Generator shuts off 30 seconds after starting. Safety button pops out and shuts the generator down. Oil and water are not the problem. What else would cause the safety button to pop up and shut the generator down?


----------



## grouchy-hermit (Nov 28, 2014)

Is anything attached to the generator when it is started?


----------



## Robert Coats (Nov 10, 2011)

etk777 said:


> Generator shuts off 30 seconds after starting. Safety button pops out and shuts the generator down. Oil and water are not the problem. What else would cause the safety button to pop up and shut the generator down?


When you say the "safety button pops out," what button is this exactly, a circuit breaker or what?

A number of protective devices are built into the Honda ES6500 that can stop the engine:

1. *Oil Alert:* If the oil level falls below a certain level, or when the pressure is too low, the engine will shut down.
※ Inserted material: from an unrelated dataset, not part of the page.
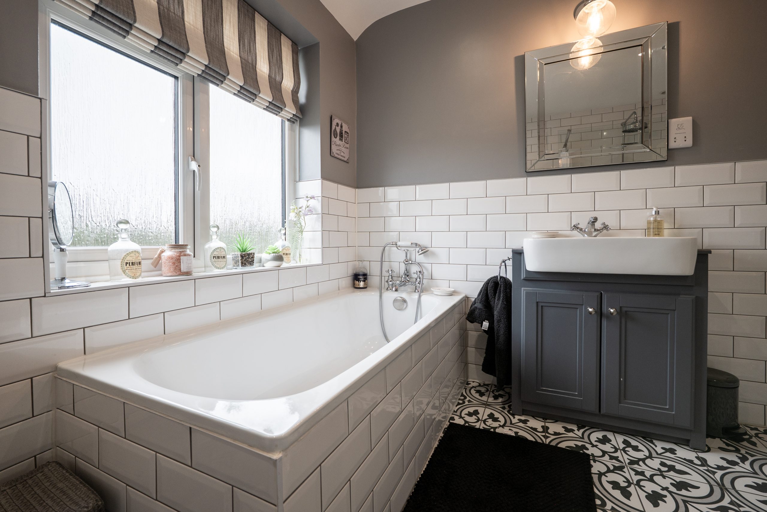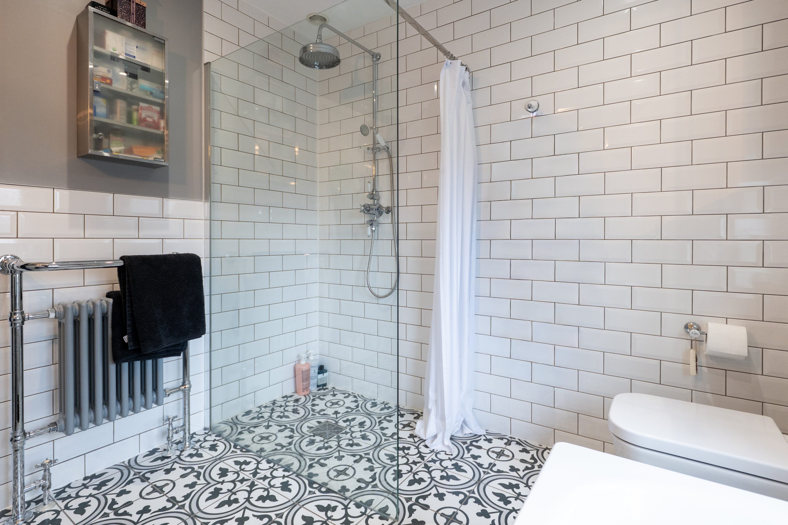 The recently fitted and upgraded family bathroom offers a modern white three piece suite comprising a basin, WC, and bath, along with a separate shower over a wet room style floor. The space is finished with stylish floor to ceiling white metro tiles and complemented by chrome fittings.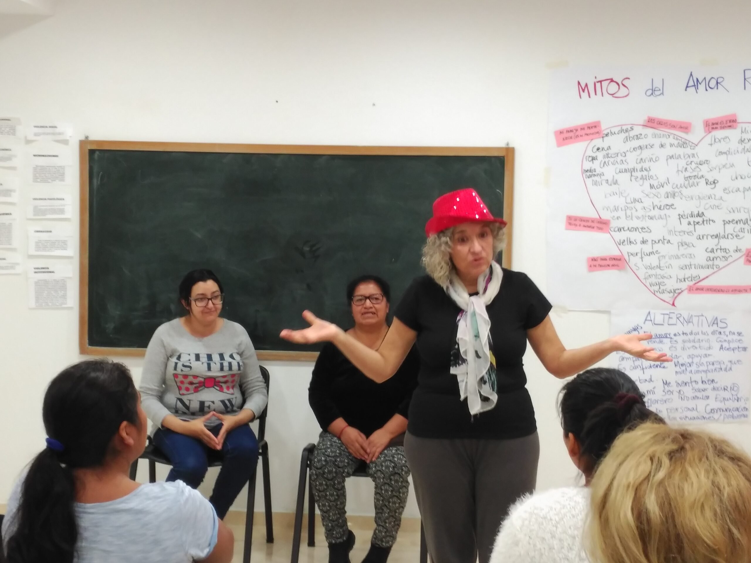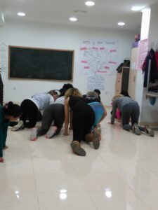 Durante los talleres, en los que colaboró nuestra voluntaria Mariam, se habló del proceso teatral y de su uso para la transformación social, del cuerpo como herramienta y espacio de reflexión y de la necesidad de crear espacios de mujeres para el empoderamiento, la acción social y la denuncia.

Look for the Oil Alert lamp to flash just before this happens.

2. *Overheating Protection:* If the temp of the coolant gets above 221 degrees F, usually due to low coolant level or a failing cooling fan, the thermostatic switch will shut down the engine. There is a temp warning lamp that usually comes on before this happens. 

Both the Oil Alert and Overheating Protection system use the same circuit, and when energized, the fuel cutoff solenoid is energized, fuel flow stops, and the CDI (ignition) is grounded, instantly stopping the engine.


----------



## Apple206 (Jan 28, 2015)

Nice posts here. Thanks for sharing.


----------